Prior to this year's North American Leaders' Summit, Canadian Prime Minister Harper held his first official state visit to Mexico for meetings with Mexican President Enrique Peña. In addition he held meetings with Canadian energy monopoly TransCanada which operates in Mexico.

The meeting results indicate an emphasis on incorporating the Mexican military into the U.S. Northern Command by increasing the participation of the Mexican military in various activities with the Canadian armed forces. This is part and parcel of new arrangements to establish new institutions among the three militaries at the continental level. This is also significant given the Mexican Army does not yet operate in the same manner as the Canadian and U.S. armed forces with centralized command over all branches through arrangements like a joint chiefs of staff. The Mexican Army and Navy have two separate government departments, the National Defence Secretariat and the Naval Secretariat, and maintain two independent chains of command, with no joint command except the President of Mexico.

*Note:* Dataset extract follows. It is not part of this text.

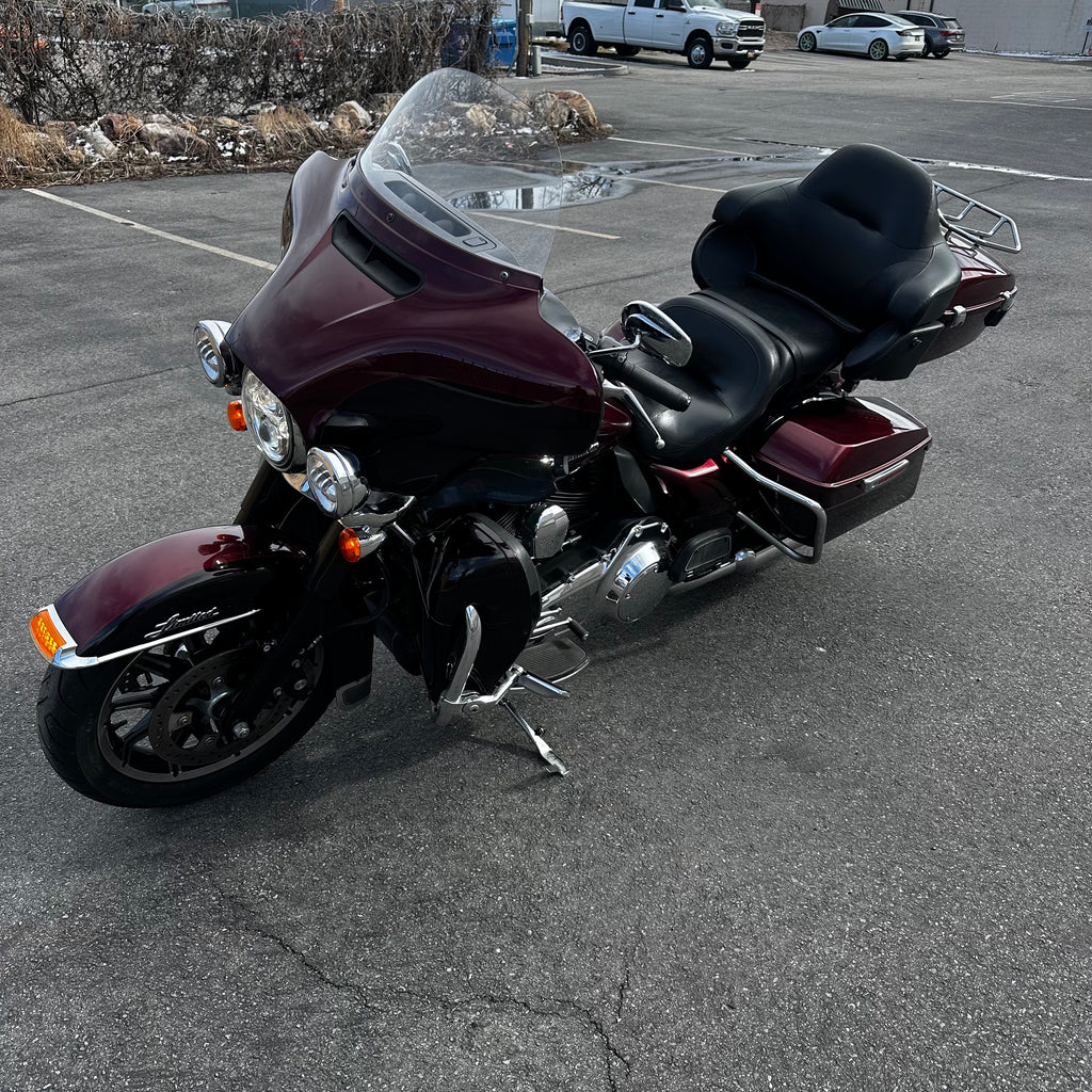 2014 Harley-Davidson Ultra Limited features a torquey 103ci Twin-Cam engine with comfortable cruise capability. Its touring-focused setup includes a plush seat, full fairing, and integrated luggage for long-distance comfort. Advanced infotainment and rider amenities keep the miles enjoyable. Ideal for riders who want classic American touring presence and highway comfort. Just 25k miles and a clean title!

There is another notable difference between the way Mexico's armed forces have traditionally operated as compared to those of the U.S. and increasingly, Canada through its involvement in NATO and as an appendage of the U.S. military. Mexico's military has operated almost exclusively within the country's borders rather than as an expeditionary force. It is also a known fact that according to the Mexican Constitution no military armed force can leave Mexican territory without a declaration of war, and approval of the Congress. The last time this was invoked was in 1942, to send an expeditionary force to the Philippines, after war was declared against Germany and Japan, following the sinking of two Mexican ships by U-boats. In 1990 President Carlos Salinas de Gortari asked the permission of the Congress to send troops to the Gulf War, but it was refused, since there was no declaration of war against Iraq."

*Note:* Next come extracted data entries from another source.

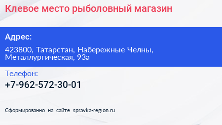 Клевое место, рыболовный магазин по адресу 423800, Татарстан, Набережные Челны, Металлургическая, 93а в дальнейшем Организация, размещена в следующих категориях:
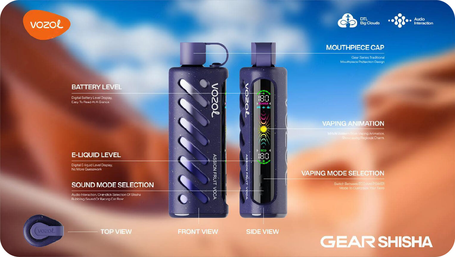 عناصر التصميم المبتكرة، مثل تقنية "التفاعل الصوتي" في جهاز VOZOL Gear Shisha 40000 التي تحاكي صوت فقاعات الشيشة، تضيف تجارب حسية غامرة. كما أن الميزات المحتملة الأخرى، مثل ملحقات الخرطوم المزدوج الخارجية المناسبة للتجمعات الاجتماعية وخزانات المياه الزخرفية المضيئة بتأثيرات الفقاعات، يمكن أن تعزز قيمة الترفيه والجاذبية البصرية على حدٍ سواء، مما يجعل المنتج أكثر تشويقًا في التجمعات الجماعية.
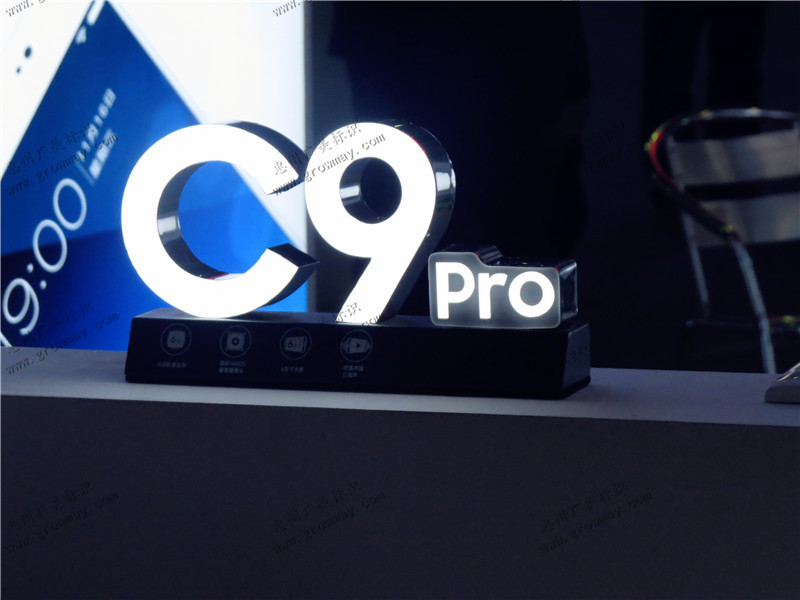 oppoR9s注塑座台发光标识及落地式展台发光字。
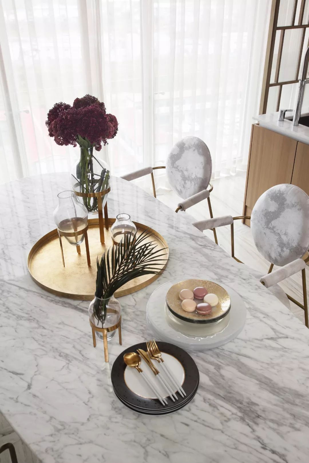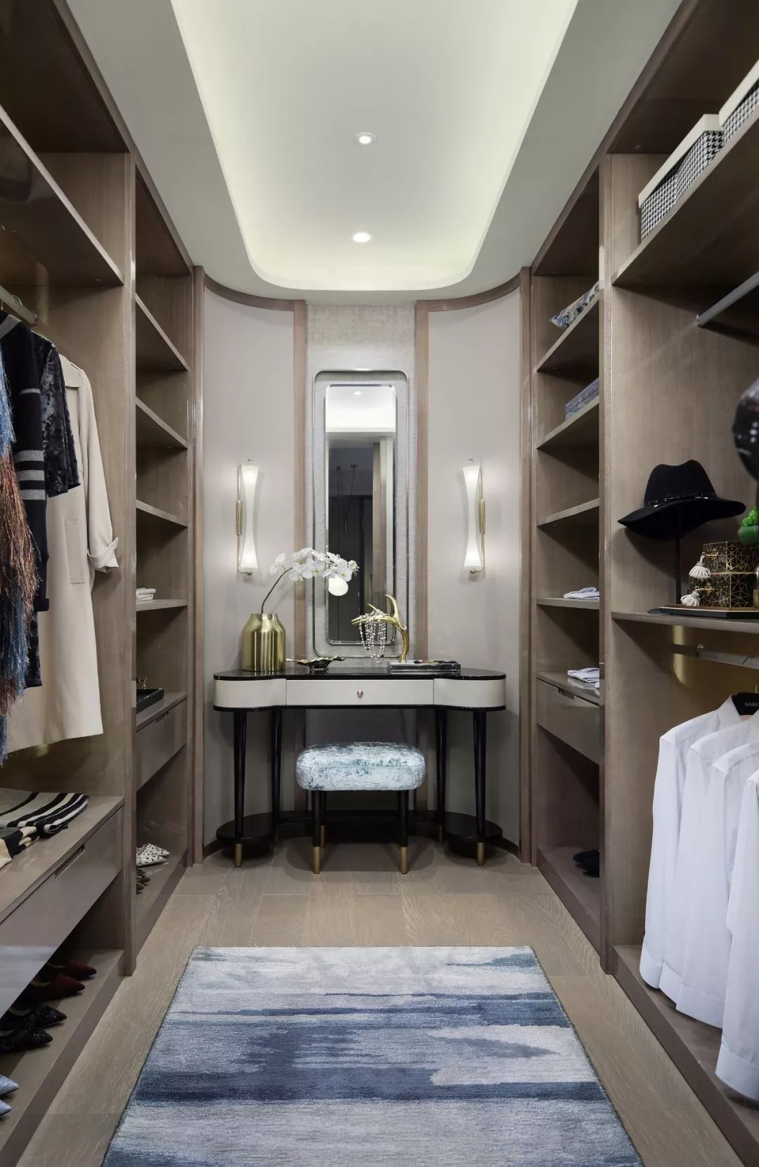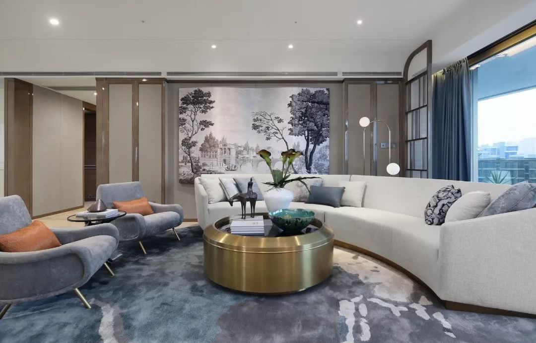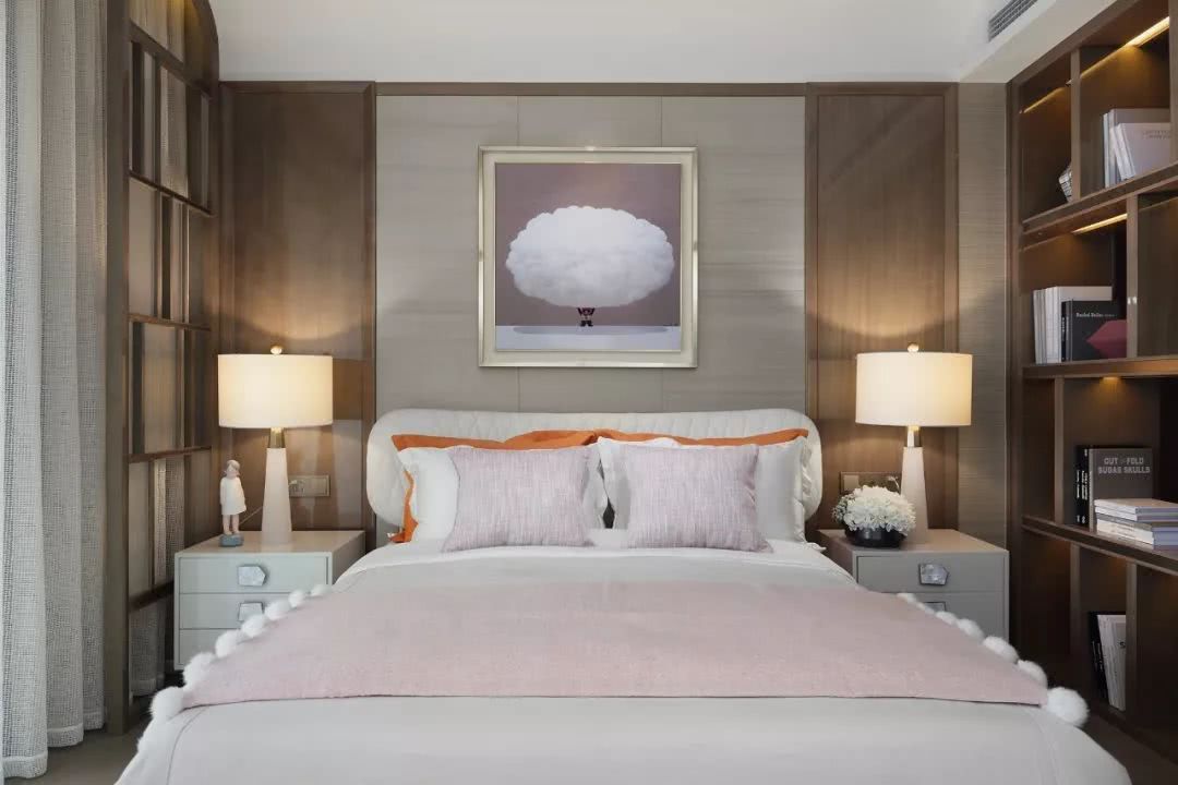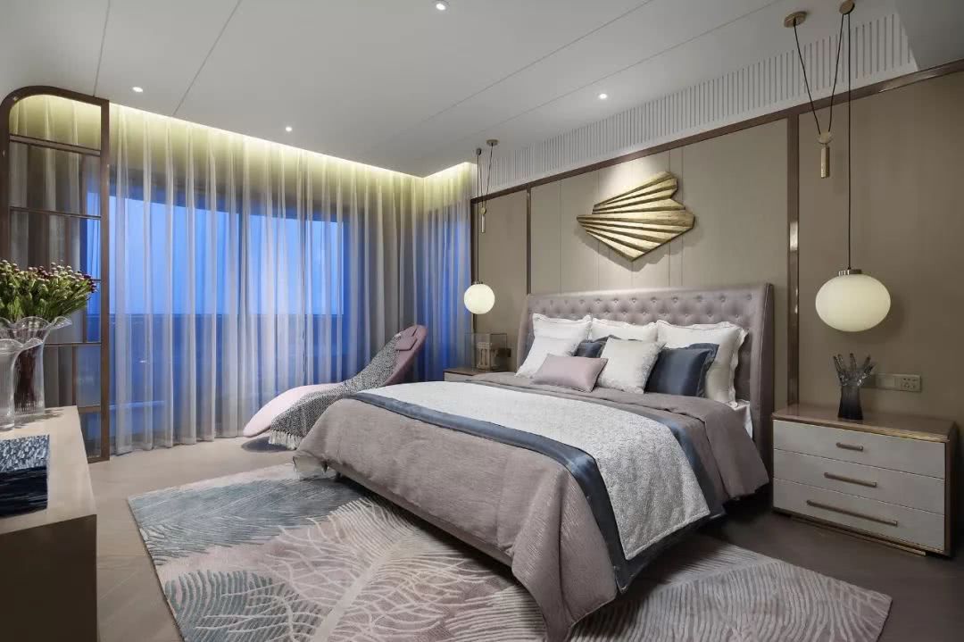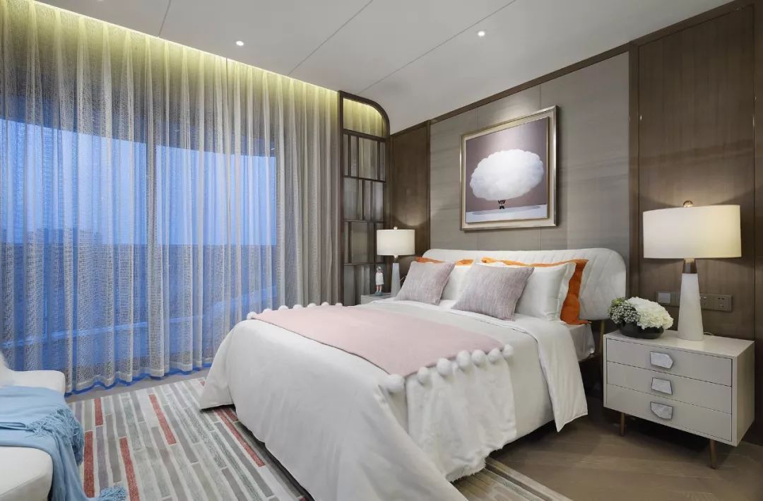 初見,客廳米灰的墻面和白色的沙發(fā)讓空間顯得舒適而寧靜,在視覺上撫平了金屬配飾帶來的森冷感。深灰色的電視機背景墻在空間中,讓空間顯得沉穩(wěn)而大氣,而一抹抹巧妙的金色總不經意的映入眼底,整體不顯沉悶而富有質感。設計師汲取水能容納百川的胸廓,將水靜謐的顏色融入方案之中,水波狀暈染的地毯、間隔的抱枕以及點綴的窗簾,都以高雅的青藍色為主,營造出優(yōu)雅不纖弱低調但奢華的氛圍。餐廳整個空間較為狹長,我們在餐廳區(qū)域選用橢圓形與曲線元素較多的餐桌椅,利用家具來降低視覺拉伸感。同時將西廚和餐廳結合,在空間上大大增加了實用性的同時也讓視覺更加開闊。主臥設計中,極致的展現了“柔美”。我們使用了淺色和中性色為主的家具,讓整個空間充滿了溫馨和舒適的感覺。不同的空間,有不同的生活訴求。客房風格迥異,一間簡潔,一間添加新中式元素,不做多余的加法。

In 2012, Canada hosted the inaugural meeting of North American Defence Ministers (NADM) meetings "to discuss continental and regional defence and security challenges, as well as to explore collaboration opportunities in hemispheric defence fora." Since the inaugural meeting, a continental threat assessment has now been completed and a trilateral table-top exercise on humanitarian assistance and disaster response is being planned for March 2014 in Mexico.

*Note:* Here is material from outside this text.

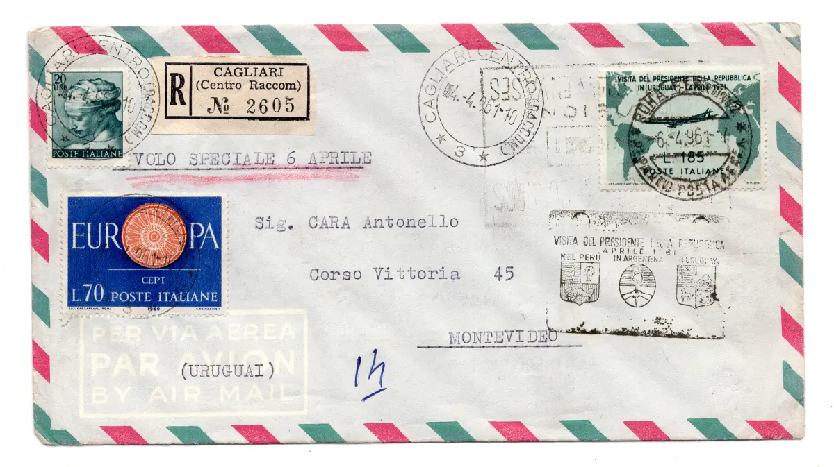 - Gronchi Lire 185 Nr. 919 + Ergänzungen Nr. 896 + 903 auf Aerogramm Racc. nach Buenos Aires mit Präsidentenflug vom 6.4.61 - Kat. Euro 70 n. 1030/A
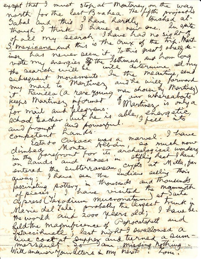 from Mexico City, received letters from EZ. travel to Isthmus and Vera Cruz, Tehuantepec. Has not seen S. mexieana, "and this is the crux of the trip." Discusses Martinez, an assistant who is, "...able, energetic, and prompt and powerful." Discusses Oaxaca, Monte Sebain (?). Mamoth Cypress... Santa Maria, "probably largest trunk in the world and 2000 years old..."

The goal of such exercises is to play out emergency scenarios in order to see where various policies and protocols, as well as constitutional limitations, need to be overcome so that the militaries and civilian agencies can be made to operate under centralized command, ie. NORAD/U.S. Northern Command.

In a pre-meeting with President Pena, Harper announced that Canada and Mexico will sign a Declaration of Intent on Defence Cooperation in April 2014, to "further strengthen bilateral defence relations." The implementing authorities are the Canadian Armed Forces (CAF), Canada's Department of National Defence (DND), Mexico's Secretariat of National Defence, and the Mexican Navy.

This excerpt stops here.